Man erhob noch einmal gemeinsam die Gläser und Remboldt schloss die Sitzung. Die Ratsmitglieder gratulierten einander und wünschten den beiden Architekten viel Inspiration und gute Ideen.
Elias selbst blieb wortlos und konnte sich nur ein Nicken abringen. Auch als Matthias und er sich die Hand reichten, schwieg er.
Bis auf Elias und Remboldt verließen alle den Saal. Unten vor dem Rathaus löste sich die Gruppe auf, die Mitglieder verließen einzeln oder zu mehreren den Platz.

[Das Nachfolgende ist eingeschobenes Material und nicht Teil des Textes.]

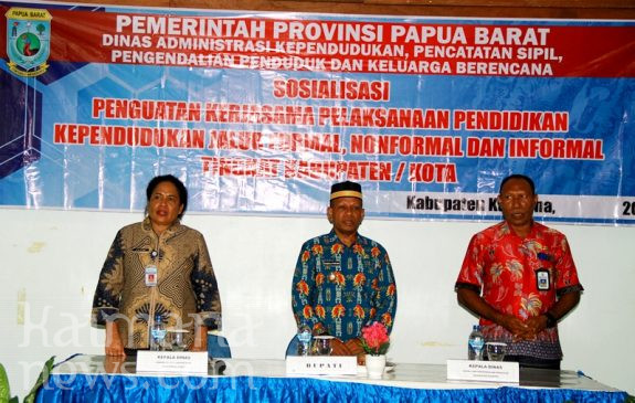 KAIMANANEWS.COM- Meningkatkan peran stakeholder, Dinas Administrasi Kependudukan Pencatatan Sipil Pengendalian Penduduk dan Keluarga Berencana Provinsi Papua Barat melaksanakan kegiatan penguatan kerjasama pendidikan kependudukan jalur formal, non formal dan informal di Kabupaten Kaimana, Kamis (7/7/2022).
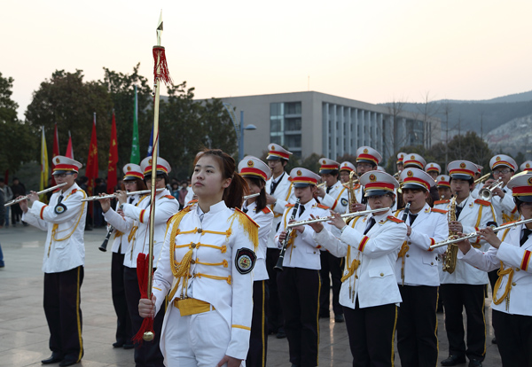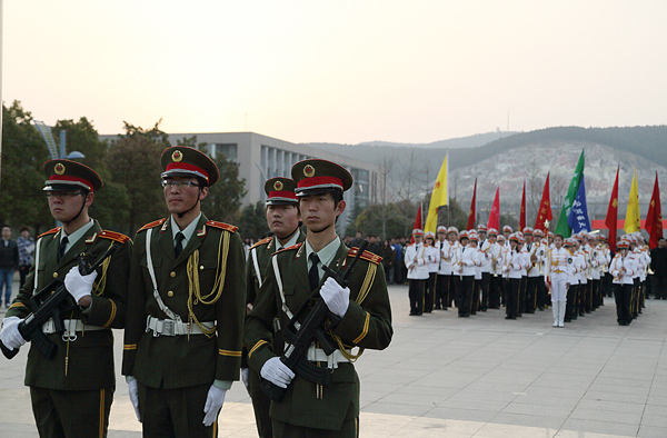 上午7:00,在云峰大学生管乐团演奏的激昂的《歌唱祖国》的乐曲声中,国旗护卫队护卫国旗健步进入升旗区。在雄壮的《国歌》声中,五星红旗冉冉升起。随后,中国矿业大学校旗在《中国矿业大学校歌》悠扬的旋律中升起在国旗广场上空。
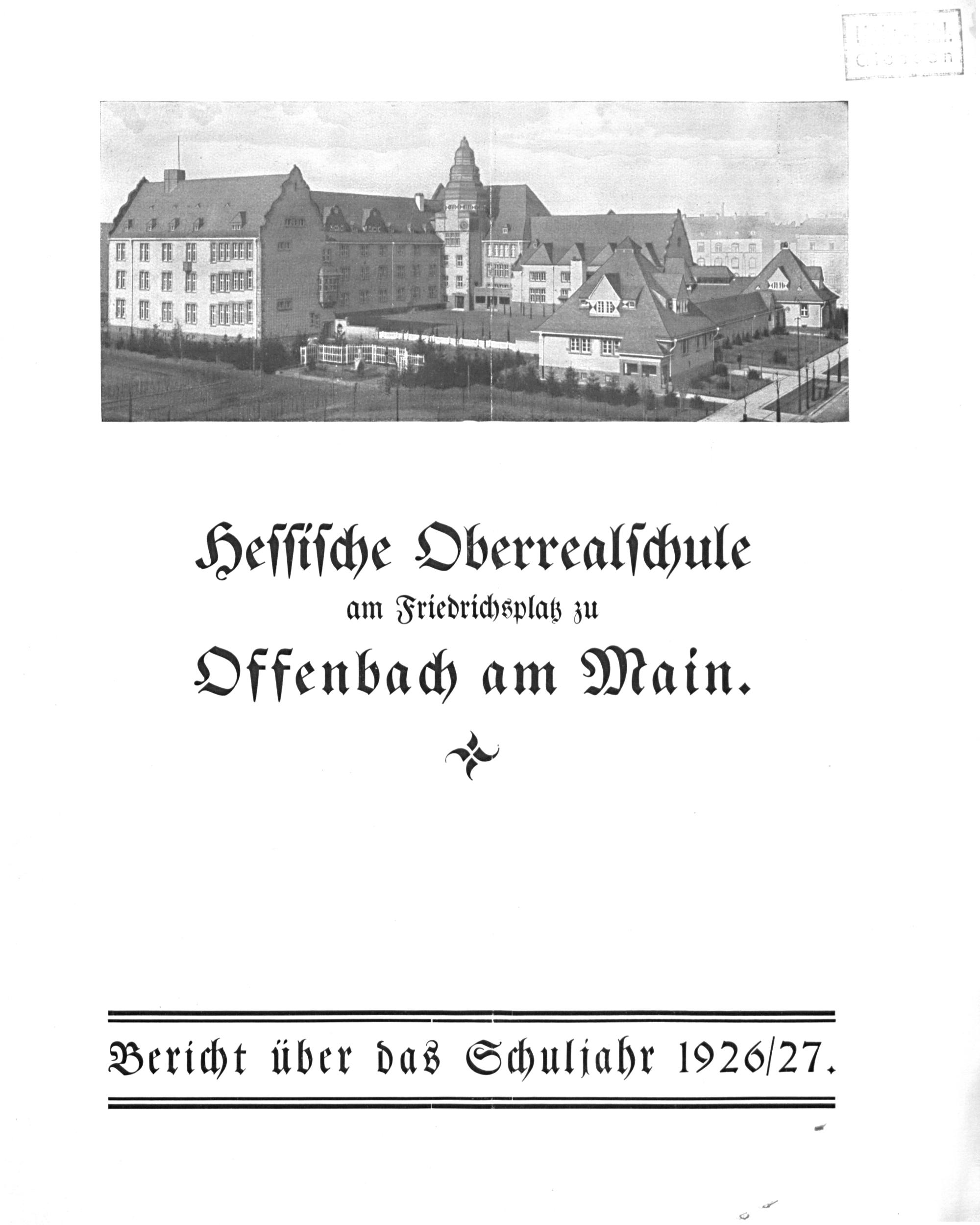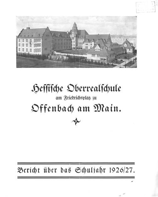 Heſſiſche Oberrealſchule am Friedrichsplatz zu Offenbach am Main. e Bericht über das Schuljahr 1926/27. —

Es blieben nur mehr Marx Welser, Anton Garb und Matthias.
Marx Welser wandte sich Matthias zu. »Na, Meister Kager, damit habt Ihr nicht gerechnet, hm? Ihr seht, Eure Leistung wird nicht nur wahrgenommen, sie wird auch honoriert. Wir sind sehr auf Eure Entwürfe gespannt.«
Garb blinzelte gegen das Sonnenlicht, das über dem Rathausdach hervorschien. »Endlich Sonne!« Er wandte sich Matthias zu: »Und, Kager, was Euren Auftrag angeht … wir Handelsleute sagen schon immer: Konkurrenz belebt das Geschäft. Ist schon recht, wenn nicht immer nur dem Holl alles zugeschanzt wird.«
Inzwischen erschienen Remboldt und Elias vor der Tür. Remboldt sah in die kleine Runde, verabschiedete sich mit erhobener Hand und ging in Richtung Weinmarkt. Elias stand allein und sah auf den Boden. Matthias ging auf ihn zu.
»Ich soll Dir und Rosina schöne Grüße von Ibia ausrichten. Sie fragt, wie es ihr geht«, log er. Es war allerdings nur eine halbe Lüge – die Frage hatte Ibia ja gestern tatsächlich gestellt, nur der Gruß war von ihm vorgeschoben. Erst nach wenigen Augenblicken antwortete Elias gedämpft.
»Wir suchen ein Kindermädchen.«
Die Antwort war unzulänglich, doch Matthias wusste, jetzt war nicht Zeit und Ort, darauf einzugehen. Garb und Marx Welser kamen dazu.